By Wendy Soderburg '82
Photography by Tim Street-Porter and University Archives

I remember there were rumors about people being lost in the Powell stacks forever. Someone told me that a body had once been found there, that human bones had actually been recovered! -- Estelle Novak '61, M.A. '62, Ph.D. '68

Like just about everyone who ever attended UCLA, when I think about the university I think of the Lawrence Clark Powell Library: History. Tradition. Architectural beauty. The pursuit of knowledge. Backpack imprints on flesh.

See, I was not exactly the most exemplary student.
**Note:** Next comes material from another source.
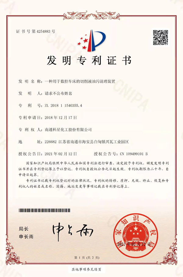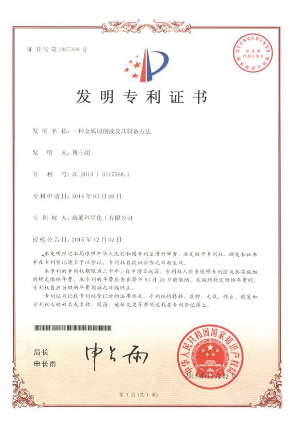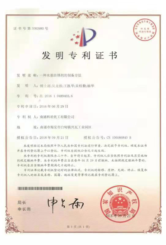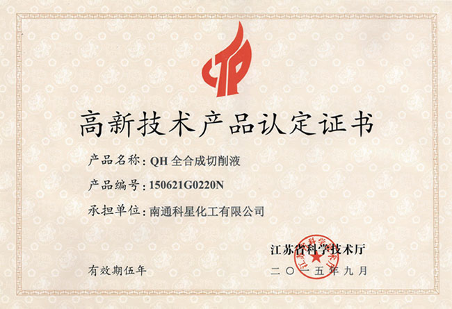 高新技術產品認定證書-EP-富醇納米合金緩蝕劑

Fact is, when I'd announce I was off to Powell to "study," my friends knew I was really going to seek out the darkest, most secluded corner of the book stacks, plop my head down on my backpack and crash out. I'd wake up an hour or so later with a mirror image of Nike rayon on my face, complete with alarmingly accurate impressions of the plastic clasps.
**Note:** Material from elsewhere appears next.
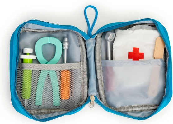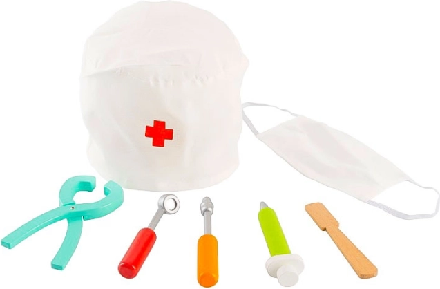 Setul de dinți pentru copii este o modalitate excelentă de a-i ține ocupați ore întregi. Conține în total 7 instrumente diferite, inclusiv o bonetă chirurgicală, mască și alte instrumente stomatologice care îi încurajează pe copii să imite un adevărat medic dentist. Această jucărie sprijină și o bună îngrijire orală și poate ajuta la reducerea fricii de vizita la dentist.

Powell was my asylum, a quiet, crepuscular womb of knowledge. I especially loved the stacks -- row after row after row of gunmetal-gray shelves lined with comfortingly old books, surrounded by a maze of graffiti-encrusted study carrels, which I found to be perfect upright cots for catching much-needed zzzzzs. True, the stacks never really fit in with the rest of the library's classic northern Italian architecture (Powell was built in 1929; the stacks were awkwardly grafted on in 1958). But their ungainliness only made them the more endearing to me.

In fact, I loved Powell so much that in my third year at UCLA, I wormed a job working as a student assistant in the undergraduate College Library on the second floor. Following my graduation, I began working in the library full-time and remained on staff for six years. Considering the two or three hours I spent in Powell every day as a student and the eight-hour days I put in as an employee, for the better part of a decade I lived more in the library than I did at home.

Is it any wonder the idea that the old Powell stacks no longer existed, having fallen victim to the library's recently completed, $35-million seismic overhaul, filled me with dread? All those memories -- all those years of sweet dreams -- sacrificed to fussy building codes! The new stacks couldn't possibly possess the unaffected character of the old ones.